Why Americans Want a Military General in the White House
Retired Marine general James “Mad Dog” Mattis, who hung up his uniform three years ago, batted away speculation about running for President on Friday—but didn’t rule it out. ...
What is it about military leaders that has led so many voters to champion them for the Presidency? After all, it’s not like the nation has emerged victorious from its recent wars. But it actually may have more to do with the personal qualities Americans sense in their military leaders, rather than the battles they were ordered to fight.
“As the polls show, Americans overwhelming pick the military as the institution in U.S. society in which they have the most confidence, so it isn’t surprising that some may look to the leaders of that institution to lead the nation as a whole,” says Charles Dunlap, a retired Air Force major general who now heads the Center on Law, Ethics and National Security at Duke Law School. They also perceive military officers as largely altruistic and honest, “qualities that many Americans find conspicuously absent from the traditional politicians that they see these days.”
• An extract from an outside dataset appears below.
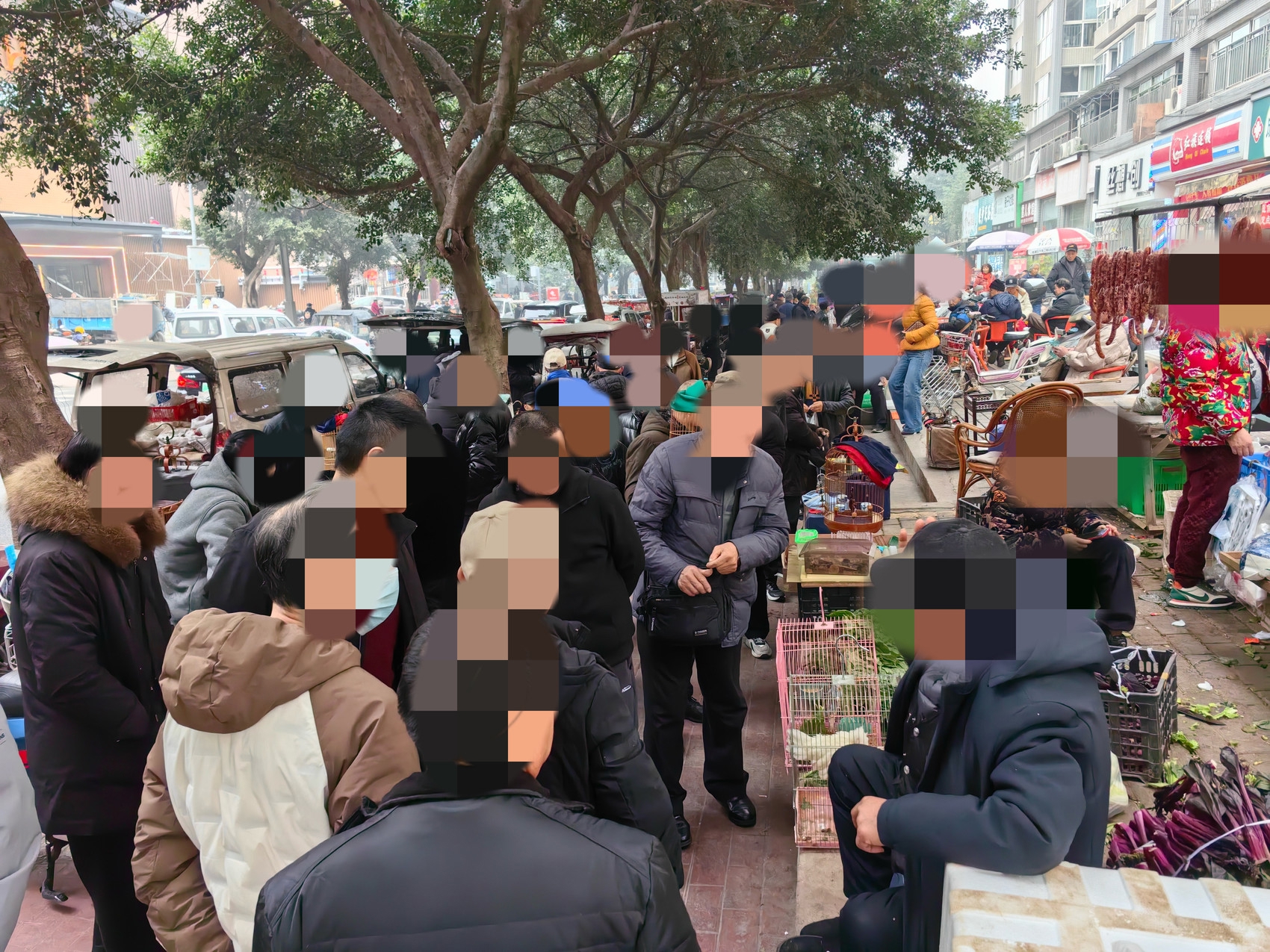 以往该街道聚集大量人群买卖鸟类。受访者供图

It’s a long tradition. George Washington was the first general who went on to serve as President of the United States, and some voters continue to think it’s good training for the job. There was former Army general William Tecumseh Sherman in 1884, whose emphatic “no thanks” (“I will not accept if nominated and will not serve if elected”) has been codified in the nation’s political lexicon as a “Shermanesque statement.” Some championed ex-Army general Douglas MacArthur in 1952, but he demurred (another retired Army four-star, Dwight Eisenhower, ultimately won that election, the last of 12 generals to do so).